The spate of violence in Negros Oriental that has killed more than 20 people over a month could force President Rodrigo Duterte to put the province under martial law but rights advocates opposing the move say a militarist solution is not the answer while a top police officer says the situation is under control.

Presidential Spokesperson Salvador Panelo, in a press briefing on Aug 1, said Duterte would likely invoke emergency powers “soon” to stop violence in the province wracked by land disputes. “He has many options under the Constitution. He can call the Armed Forces of the Philippines to quell lawless violence. He can declare martial law.”

CHR Spokesperson Jacqueline Ann de Guia told VERA Files that the killings in Negros are a cause for “grave concern” but their office does not see the need to declare Martial Law on the island.

“What we are trying to avoid is the normalization of measures reserved for extraordinary cases concerning national safety,” she added.

Duterte’s threat to place Negros Oriental under martial law followed the rampant killings in the central Philippine province, where a total of 21 people were killed from July 18 to 27, including a lawyer, a barangay captain, a city councilor, a former mayor, and a one-year-old child.

On July 25, seven people were killed in a span of 24 hours. On July 18, four cops were ambushed by the New People’s Army in Barangay Mabato in Ayungon town.

Amid the violence and a possible martial law declaration in the province, Philippine National Police (PNP) Spokesperson Brig. Gen. Bernardo Banac, in a television interview, assured the public that the situation in Negros Oriental is under control.

“There is no need to be alarmed or afraid. The public may go on with their daily activities. We assure the public we are doing our best to maintain peace and order,” Banac said, adding that more security forces were sent to the province to augment the current complement there.

CHR’s De Guia said the violence in Negros “adds to the growing number of killings in the country that needs to be resolved and given due justice.” She said their office has already deployed investigators to look into the killings.

The violence in Negros, the hotbed of the communist insurgency during the martial law years

under ex-president Ferdinand Marcos, has also alarmed the Roman Catholic hierarchy in the province, prompting bishops to call on parishes, chaplaincies, mission stations, and religious houses to ring the church bells every 8 p.m. starting July 28 until the killings stop.
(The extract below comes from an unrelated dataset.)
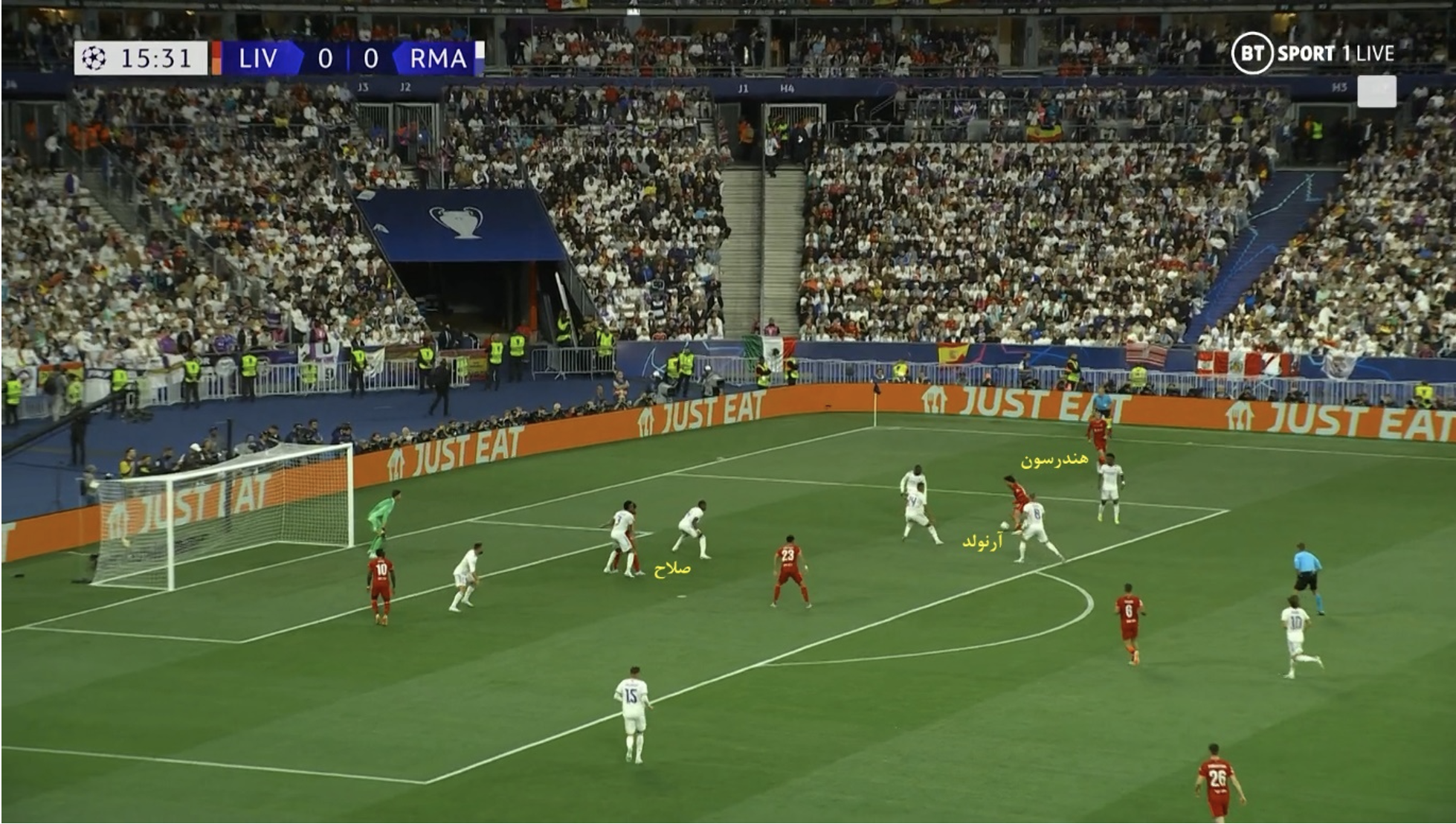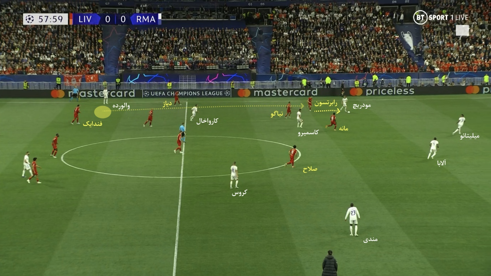عملکرد فوقالعاده و منعطف ساختار دفاعی رئال مادرید در یکسوم خودی نیز پا برجا است. مانند تصویر زیر، آرایش دفاعی منظم و خطوط متراکم مادرید فضایی را به بازیکنان لیورپول برای موقعیت گلزنی نمیدهند و در هر ناحیهی زمین بازی، اصل برتری عددی را متعهدانه رعایت میکنند. با عقبروی بنزما مودریچ به کمک والورده در یک خط جايگیری میکند تا با نفود رابرتسون، والورده با خیال جمع نیمفضا را رها و به کناره حرکت کند.

For human rights group Defend Negros, “A militarist solution such as the declaration of Martial Law, and more tyrannical actions, would never be the solution to the alarming situation in Negros.”

“We have witnessed what happened in Mindanao after the declaration of Martial Law in 2017. In the aftermath, we saw Marawi in irreparable ruins, and the entire Mindanao island and its people, gripped under repressive rule and fear,” the group said in a press statement.

“While we mourn over the rising number of brutal deaths in Negros, we also rage against state policies that have sanctioned these attacks — Executive Order No. 70 and Memorandum Order No. 32, approved by the President Duterte, also the concurrent Commander-in-Chief of the Armed Forces of the Philippines,” the group added.

Back in November 2018, Duterte issued Memorandum Order No. 32 deploying more cops and soldiers to Negros Oriental and Negros Occidental, aside from Samar province and Bicol.

The order directed the police and military to prevent “sporadic acts of violence” committed by “lawless groups” from “spreading and escalating elsewhere in the country.”

Rights group Karapatan also sees that the declaration of martial law in Negros “will significantly impact” the human rights situation on the island.

“As what we have seen in the course of martial law implementation in Mindanao, we foresee extrajudicial killings, arbitrary arrests and detention, torture, forced surrender, forcible evacuation and other rights violations that will wantonly be committed by State forces once martial law is declared in Negros,” Karapatan Secretary General Cristina Palabay said.

“We call on Negrenses and the Filipino people to oppose this spiralling descent to full-blown dictatorship in the country,” Palabay urged.